### Work instructions
Using the data below, set down every line from the one containing "Our anti-wrinkle firming" through the one containing "- Once dough", inclusive and unchanged. Pictures are to be skipped.

### Source records

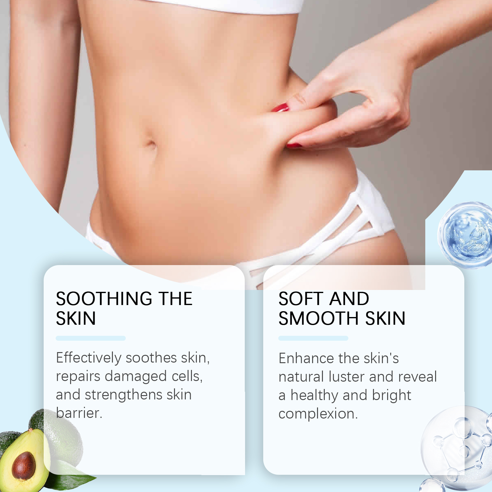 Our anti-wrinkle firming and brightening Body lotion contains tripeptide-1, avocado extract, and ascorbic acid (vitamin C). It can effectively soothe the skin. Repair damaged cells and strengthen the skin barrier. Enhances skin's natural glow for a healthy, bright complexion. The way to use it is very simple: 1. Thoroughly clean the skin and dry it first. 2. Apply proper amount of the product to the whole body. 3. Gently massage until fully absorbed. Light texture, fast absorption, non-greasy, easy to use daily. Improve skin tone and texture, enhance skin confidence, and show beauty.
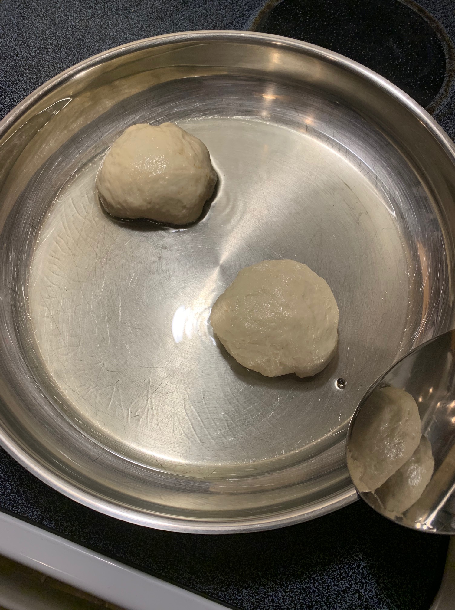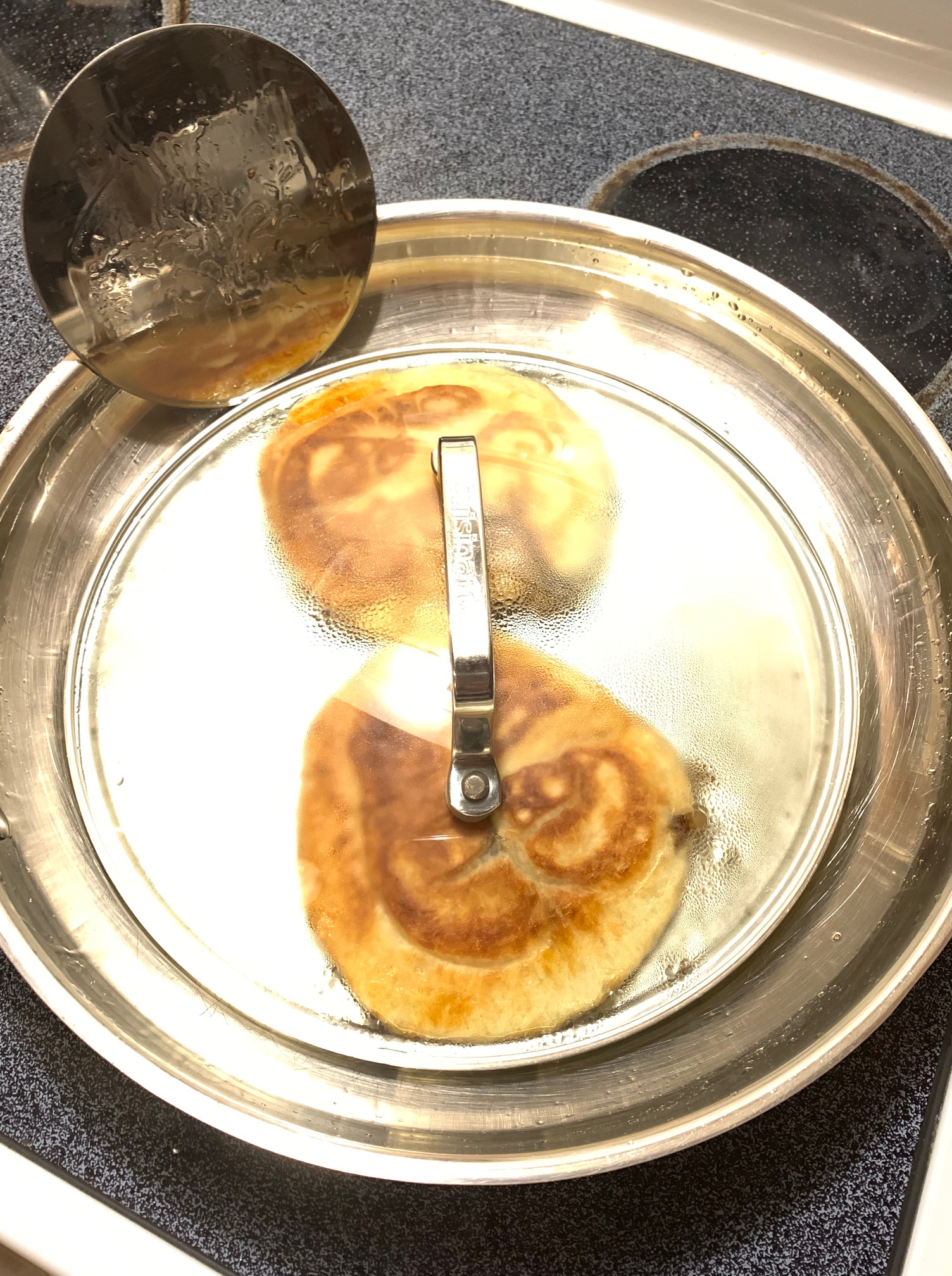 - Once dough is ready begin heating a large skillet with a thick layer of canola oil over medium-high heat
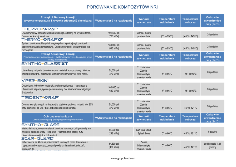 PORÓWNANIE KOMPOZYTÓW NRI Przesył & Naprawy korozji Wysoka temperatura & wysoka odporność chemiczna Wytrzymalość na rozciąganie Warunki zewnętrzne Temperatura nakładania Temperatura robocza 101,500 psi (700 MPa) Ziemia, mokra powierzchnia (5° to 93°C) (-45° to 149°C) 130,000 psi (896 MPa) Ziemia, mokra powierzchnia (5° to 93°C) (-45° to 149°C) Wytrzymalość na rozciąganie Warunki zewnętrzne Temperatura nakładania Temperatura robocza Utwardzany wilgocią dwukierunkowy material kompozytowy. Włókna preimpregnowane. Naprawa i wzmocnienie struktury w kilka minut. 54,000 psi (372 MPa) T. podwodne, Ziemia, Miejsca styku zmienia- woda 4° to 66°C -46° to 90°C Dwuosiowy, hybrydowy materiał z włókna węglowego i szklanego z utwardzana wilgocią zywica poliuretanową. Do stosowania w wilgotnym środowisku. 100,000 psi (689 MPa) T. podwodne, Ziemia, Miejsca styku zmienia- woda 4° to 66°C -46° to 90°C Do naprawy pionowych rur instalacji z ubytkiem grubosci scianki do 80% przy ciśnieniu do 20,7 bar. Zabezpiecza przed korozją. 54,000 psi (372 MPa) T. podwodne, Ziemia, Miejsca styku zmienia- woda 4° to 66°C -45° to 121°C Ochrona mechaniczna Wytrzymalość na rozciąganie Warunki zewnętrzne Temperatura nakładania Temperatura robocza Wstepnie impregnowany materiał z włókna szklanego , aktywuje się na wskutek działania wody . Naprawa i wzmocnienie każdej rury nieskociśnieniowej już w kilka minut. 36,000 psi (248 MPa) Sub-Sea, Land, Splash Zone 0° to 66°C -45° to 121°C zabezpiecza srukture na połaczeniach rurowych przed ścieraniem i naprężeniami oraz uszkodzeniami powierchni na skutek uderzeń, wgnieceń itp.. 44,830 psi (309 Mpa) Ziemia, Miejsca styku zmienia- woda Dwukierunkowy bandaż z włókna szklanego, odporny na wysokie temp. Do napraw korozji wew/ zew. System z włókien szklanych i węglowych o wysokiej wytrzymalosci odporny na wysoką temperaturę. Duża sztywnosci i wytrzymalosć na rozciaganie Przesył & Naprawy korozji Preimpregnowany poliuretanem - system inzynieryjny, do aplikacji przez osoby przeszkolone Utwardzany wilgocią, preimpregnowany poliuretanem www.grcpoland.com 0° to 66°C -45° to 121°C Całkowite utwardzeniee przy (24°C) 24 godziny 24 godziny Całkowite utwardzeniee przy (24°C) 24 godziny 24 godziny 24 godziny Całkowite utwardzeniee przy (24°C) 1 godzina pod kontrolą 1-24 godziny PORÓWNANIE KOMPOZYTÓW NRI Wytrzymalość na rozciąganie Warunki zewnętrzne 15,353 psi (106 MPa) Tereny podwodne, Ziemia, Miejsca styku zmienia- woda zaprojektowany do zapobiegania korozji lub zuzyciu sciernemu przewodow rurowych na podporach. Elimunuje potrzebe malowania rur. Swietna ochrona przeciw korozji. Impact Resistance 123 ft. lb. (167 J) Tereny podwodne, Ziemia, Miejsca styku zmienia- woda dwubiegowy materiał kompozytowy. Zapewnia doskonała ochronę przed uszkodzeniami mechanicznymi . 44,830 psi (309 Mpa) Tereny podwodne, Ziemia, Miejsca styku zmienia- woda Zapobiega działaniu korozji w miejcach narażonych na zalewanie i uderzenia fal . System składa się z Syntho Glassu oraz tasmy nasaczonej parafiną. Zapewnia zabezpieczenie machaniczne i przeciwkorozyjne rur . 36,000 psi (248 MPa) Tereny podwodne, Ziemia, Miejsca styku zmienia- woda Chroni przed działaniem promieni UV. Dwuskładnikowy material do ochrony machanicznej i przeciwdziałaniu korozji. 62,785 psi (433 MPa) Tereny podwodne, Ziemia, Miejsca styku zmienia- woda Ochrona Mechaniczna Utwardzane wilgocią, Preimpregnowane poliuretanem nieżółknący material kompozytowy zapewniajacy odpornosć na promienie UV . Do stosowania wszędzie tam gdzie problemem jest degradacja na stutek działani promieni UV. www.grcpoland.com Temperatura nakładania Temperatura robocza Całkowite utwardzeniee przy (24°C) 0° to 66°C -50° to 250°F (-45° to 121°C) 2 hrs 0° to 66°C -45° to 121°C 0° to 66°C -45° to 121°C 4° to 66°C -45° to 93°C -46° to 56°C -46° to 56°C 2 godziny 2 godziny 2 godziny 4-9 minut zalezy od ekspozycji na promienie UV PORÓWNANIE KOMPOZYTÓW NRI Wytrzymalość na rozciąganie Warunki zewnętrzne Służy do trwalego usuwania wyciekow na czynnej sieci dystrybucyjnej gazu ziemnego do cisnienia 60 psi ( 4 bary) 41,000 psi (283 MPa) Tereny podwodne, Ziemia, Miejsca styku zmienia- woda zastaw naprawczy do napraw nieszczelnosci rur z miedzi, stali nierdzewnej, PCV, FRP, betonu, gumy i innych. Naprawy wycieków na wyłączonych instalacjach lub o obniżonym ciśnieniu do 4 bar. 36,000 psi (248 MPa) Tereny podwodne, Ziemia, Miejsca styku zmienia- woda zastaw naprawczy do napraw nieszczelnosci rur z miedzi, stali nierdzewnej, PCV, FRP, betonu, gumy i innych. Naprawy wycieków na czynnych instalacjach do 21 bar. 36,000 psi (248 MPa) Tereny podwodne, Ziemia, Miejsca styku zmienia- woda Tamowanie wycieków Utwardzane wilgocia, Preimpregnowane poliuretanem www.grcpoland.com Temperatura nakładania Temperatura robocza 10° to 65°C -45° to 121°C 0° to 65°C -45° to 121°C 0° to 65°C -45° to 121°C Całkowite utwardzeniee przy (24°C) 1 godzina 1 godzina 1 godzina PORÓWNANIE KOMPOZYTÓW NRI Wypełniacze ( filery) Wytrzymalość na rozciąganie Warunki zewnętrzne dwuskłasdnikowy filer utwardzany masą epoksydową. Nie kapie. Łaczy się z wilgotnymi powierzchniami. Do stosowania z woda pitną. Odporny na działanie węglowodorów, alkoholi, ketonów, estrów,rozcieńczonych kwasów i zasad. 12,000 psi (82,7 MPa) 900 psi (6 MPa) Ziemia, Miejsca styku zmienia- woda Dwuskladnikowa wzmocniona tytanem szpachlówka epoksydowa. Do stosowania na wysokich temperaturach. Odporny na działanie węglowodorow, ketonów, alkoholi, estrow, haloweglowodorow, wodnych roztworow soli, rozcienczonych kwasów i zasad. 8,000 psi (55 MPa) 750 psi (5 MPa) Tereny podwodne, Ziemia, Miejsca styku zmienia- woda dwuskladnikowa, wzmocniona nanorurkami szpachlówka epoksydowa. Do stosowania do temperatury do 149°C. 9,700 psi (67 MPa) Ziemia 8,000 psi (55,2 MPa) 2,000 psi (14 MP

==

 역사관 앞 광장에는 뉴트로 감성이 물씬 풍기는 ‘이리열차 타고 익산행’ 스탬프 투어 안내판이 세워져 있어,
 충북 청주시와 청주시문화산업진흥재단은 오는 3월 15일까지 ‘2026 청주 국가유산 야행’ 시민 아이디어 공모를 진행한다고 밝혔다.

==

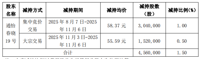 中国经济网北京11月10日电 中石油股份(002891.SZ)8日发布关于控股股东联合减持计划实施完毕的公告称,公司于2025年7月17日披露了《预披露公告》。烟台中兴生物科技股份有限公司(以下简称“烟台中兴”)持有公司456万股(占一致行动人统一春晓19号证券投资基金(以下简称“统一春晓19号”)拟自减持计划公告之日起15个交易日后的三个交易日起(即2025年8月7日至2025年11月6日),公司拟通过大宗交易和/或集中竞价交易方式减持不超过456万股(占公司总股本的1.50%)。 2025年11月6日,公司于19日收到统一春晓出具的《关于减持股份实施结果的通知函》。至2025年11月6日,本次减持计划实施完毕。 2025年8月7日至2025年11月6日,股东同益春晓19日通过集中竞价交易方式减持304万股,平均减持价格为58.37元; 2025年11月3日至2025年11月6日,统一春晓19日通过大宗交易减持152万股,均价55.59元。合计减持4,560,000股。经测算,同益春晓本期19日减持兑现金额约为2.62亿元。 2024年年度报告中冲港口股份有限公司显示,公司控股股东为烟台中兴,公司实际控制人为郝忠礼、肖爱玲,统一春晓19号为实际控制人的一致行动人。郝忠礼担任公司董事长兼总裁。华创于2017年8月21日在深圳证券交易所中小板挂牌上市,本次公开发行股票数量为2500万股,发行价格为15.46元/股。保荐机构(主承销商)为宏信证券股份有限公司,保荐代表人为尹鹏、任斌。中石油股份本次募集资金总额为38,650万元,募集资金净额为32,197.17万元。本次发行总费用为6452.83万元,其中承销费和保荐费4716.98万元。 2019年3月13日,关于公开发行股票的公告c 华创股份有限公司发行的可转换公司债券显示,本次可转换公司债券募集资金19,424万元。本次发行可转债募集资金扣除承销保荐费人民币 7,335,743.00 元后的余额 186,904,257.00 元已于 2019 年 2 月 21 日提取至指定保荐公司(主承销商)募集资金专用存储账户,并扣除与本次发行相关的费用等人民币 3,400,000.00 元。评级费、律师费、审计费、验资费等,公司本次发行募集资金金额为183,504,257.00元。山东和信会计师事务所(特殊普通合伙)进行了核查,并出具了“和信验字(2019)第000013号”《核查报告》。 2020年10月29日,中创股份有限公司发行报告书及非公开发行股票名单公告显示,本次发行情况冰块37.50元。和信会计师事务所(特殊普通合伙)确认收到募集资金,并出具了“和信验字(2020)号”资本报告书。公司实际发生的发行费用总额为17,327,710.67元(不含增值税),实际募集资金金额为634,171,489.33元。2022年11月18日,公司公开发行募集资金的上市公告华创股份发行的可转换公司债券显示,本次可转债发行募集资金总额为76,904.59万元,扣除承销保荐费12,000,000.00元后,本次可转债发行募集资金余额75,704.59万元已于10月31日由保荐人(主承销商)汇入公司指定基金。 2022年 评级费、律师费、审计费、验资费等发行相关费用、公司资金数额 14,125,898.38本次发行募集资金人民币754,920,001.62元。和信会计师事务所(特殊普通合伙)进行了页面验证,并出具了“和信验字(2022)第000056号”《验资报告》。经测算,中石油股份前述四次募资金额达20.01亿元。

### Result
 Our anti-wrinkle firming and brightening Body lotion contains tripeptide-1, avocado extract, and ascorbic acid (vitamin C). It can effectively soothe the skin. Repair damaged cells and strengthen the skin barrier. Enhances skin's natural glow for a healthy, bright complexion. The way to use it is very simple: 1. Thoroughly clean the skin and dry it first. 2. Apply proper amount of the product to the whole body. 3. Gently massage until fully absorbed. Light texture, fast absorption, non-greasy, easy to use daily. Improve skin tone and texture, enhance skin confidence, and show beauty.
 - Once dough is ready begin heating a large skillet with a thick layer of canola oil over medium-high heat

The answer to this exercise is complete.